Exercise inputs below:

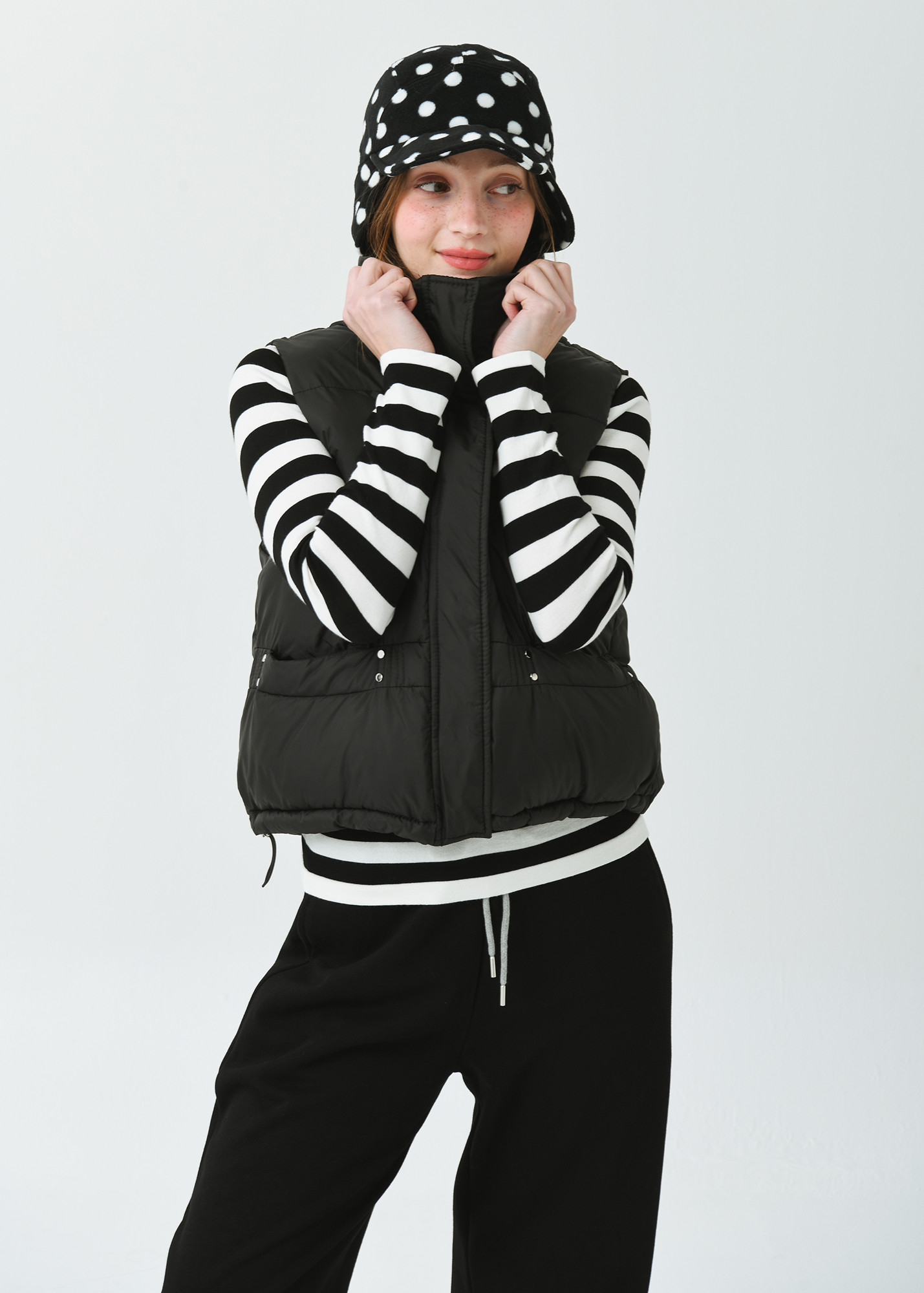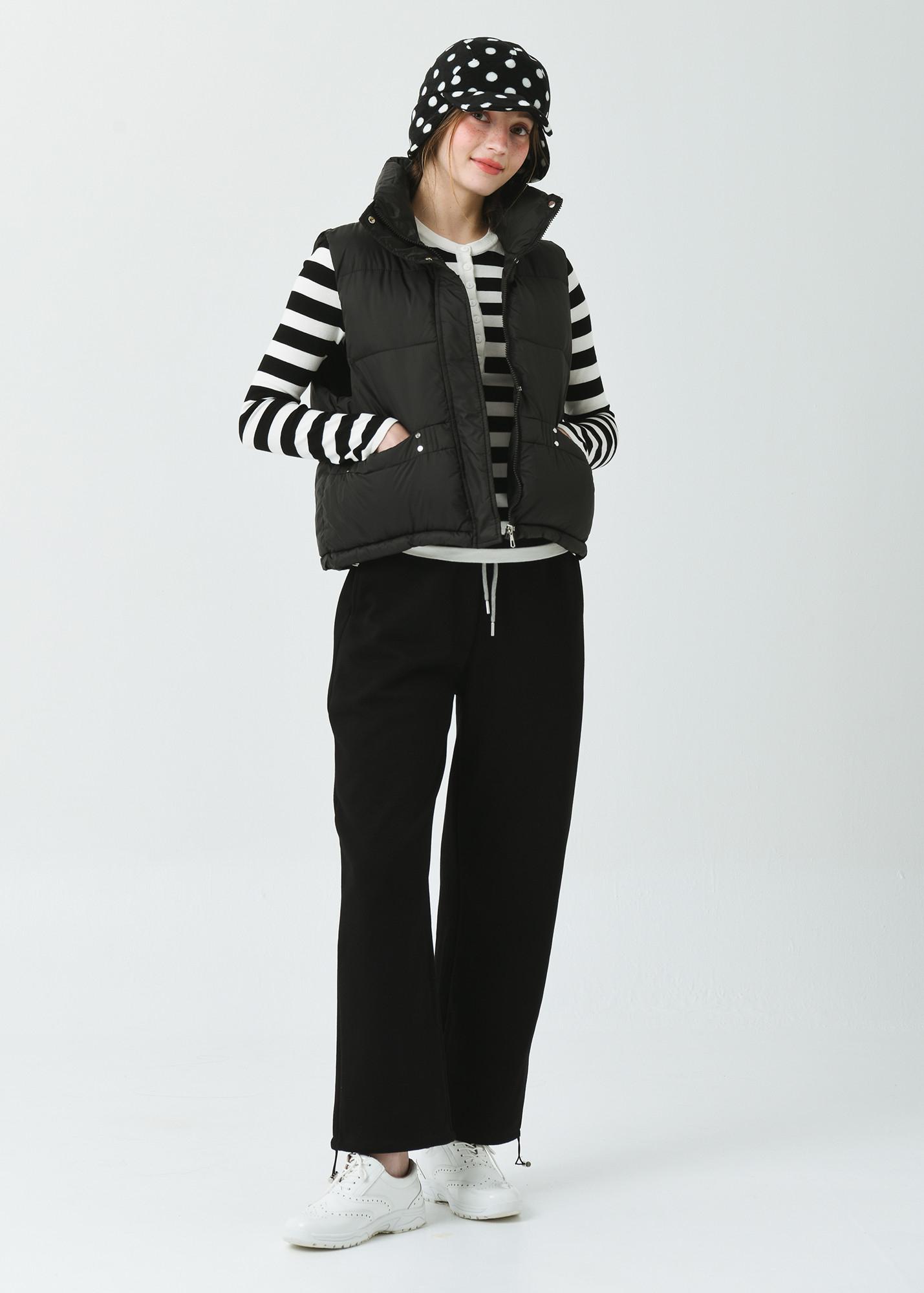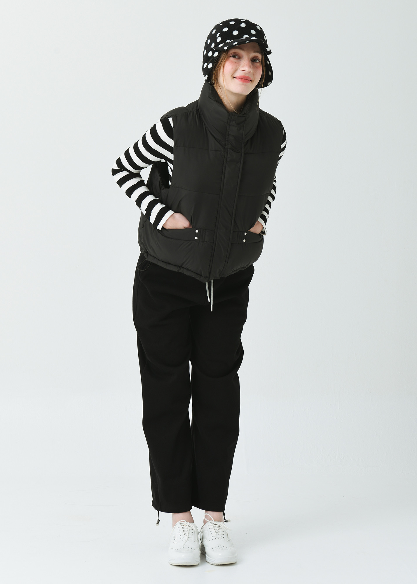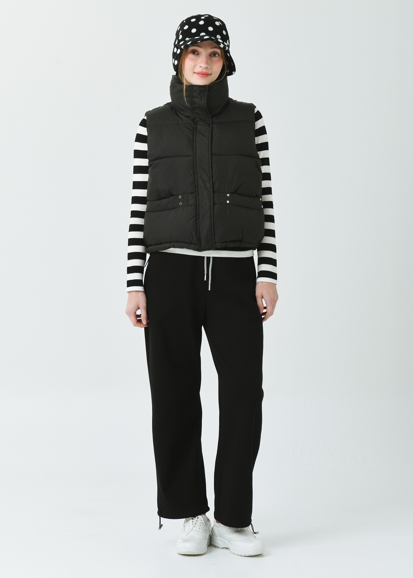 DETAIL:스포티한 감성의 기본형 하이넥 카라 헤비 패딩 베스트입니다.
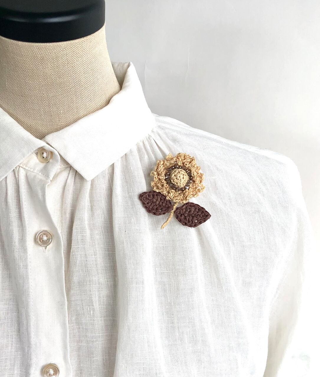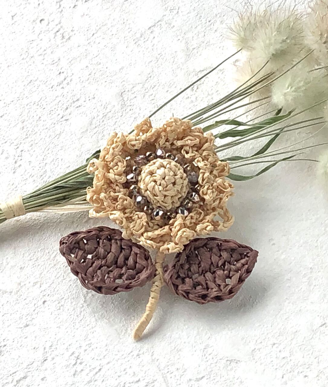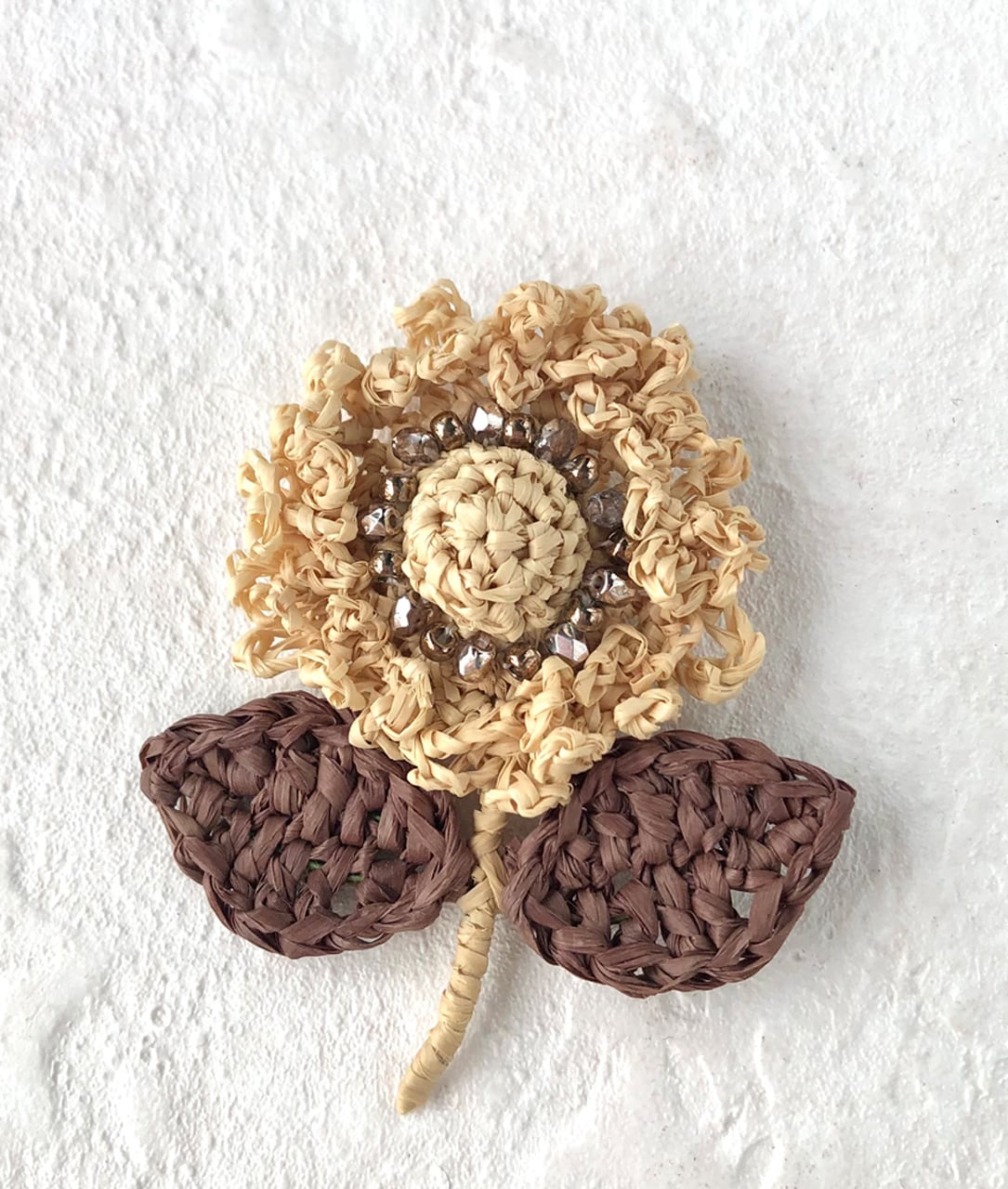 ラフィアで編んだ花のブローチです。
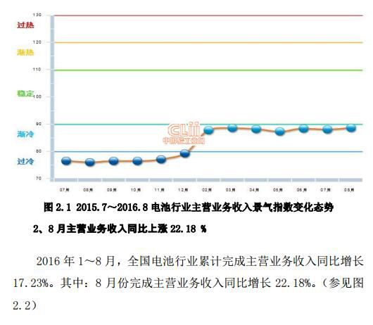 2014年10月至2015年12月,電池主營業(yè)務收入景氣指數(shù)一直在“過冷”提示區(qū)運行,2016年2月起連續(xù)7月在“漸冷”提示區(qū)。
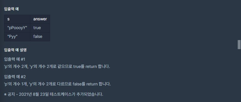 - 예를 들어 s가 "pPoooyY"면 true를 return 하고 "Pyy"라면 false를 return 합니다.
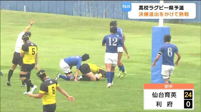 一方、攻め込まれる利府高校は、少ないチャンスで相手陣内へ果敢に突破を試みますが、仙台育英の固い守りに封じ込まれます。
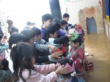 子ども達は、新聞紙を丸めた豆で鬼退治!「おにはーそと!ふくはーうち!」。
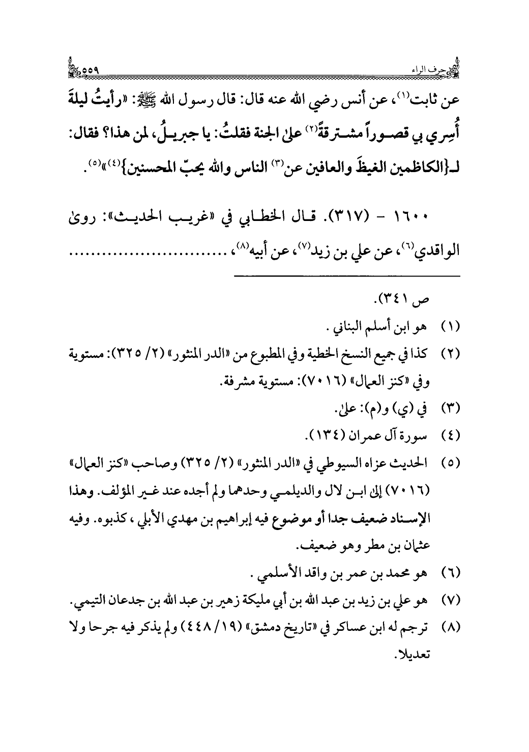 ١٦٠٠ - (٣١٧). قال الخطابي في "غريب الحديث": روى الواقدي (¬٦)، عن علي بن زيد (¬٧)، عن أبيه (¬٨)، . . . . . .
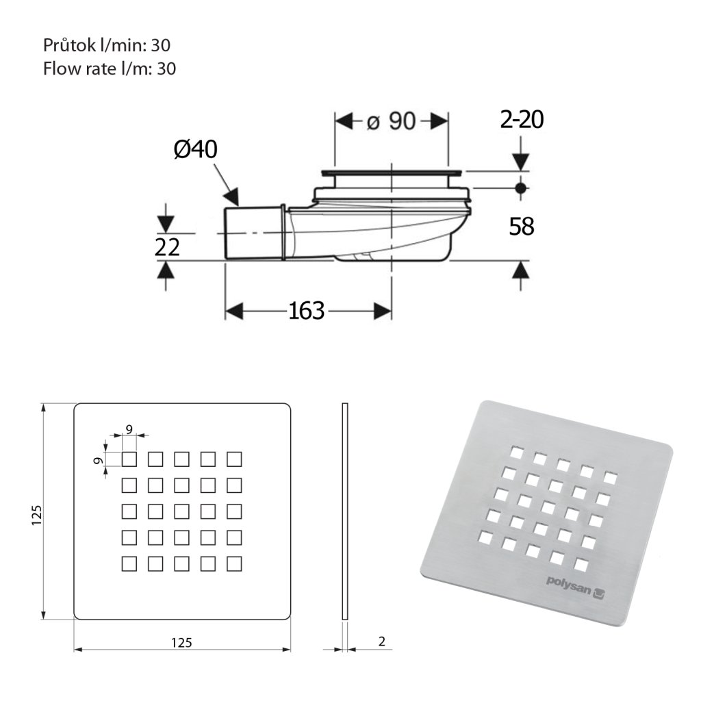 Polysan, sifon pentru cada TRENECA, diametru 90mm, DN40, capac bej mat, 84999.81

End of Exercise inputs.

**Exercise goal:** Would you please restate the records word for word, excluding any images?

**Result of the exercise:**
 DETAIL:스포티한 감성의 기본형 하이넥 카라 헤비 패딩 베스트입니다.
 ラフィアで編んだ花のブローチです。
 2014年10月至2015年12月,電池主營業(yè)務收入景氣指數(shù)一直在“過冷”提示區(qū)運行,2016年2月起連續(xù)7月在“漸冷”提示區(qū)。
 - 예를 들어 s가 "pPoooyY"면 true를 return 하고 "Pyy"라면 false를 return 합니다.
 一方、攻め込まれる利府高校は、少ないチャンスで相手陣内へ果敢に突破を試みますが、仙台育英の固い守りに封じ込まれます。
 子ども達は、新聞紙を丸めた豆で鬼退治!「おにはーそと!ふくはーうち!」。
 ١٦٠٠ - (٣١٧). قال الخطابي في "غريب الحديث": روى الواقدي (¬٦)، عن علي بن زيد (¬٧)، عن أبيه (¬٨)، . . . . . .
 Polysan, sifon pentru cada TRENECA, diametru 90mm, DN40, capac bej mat, 84999.81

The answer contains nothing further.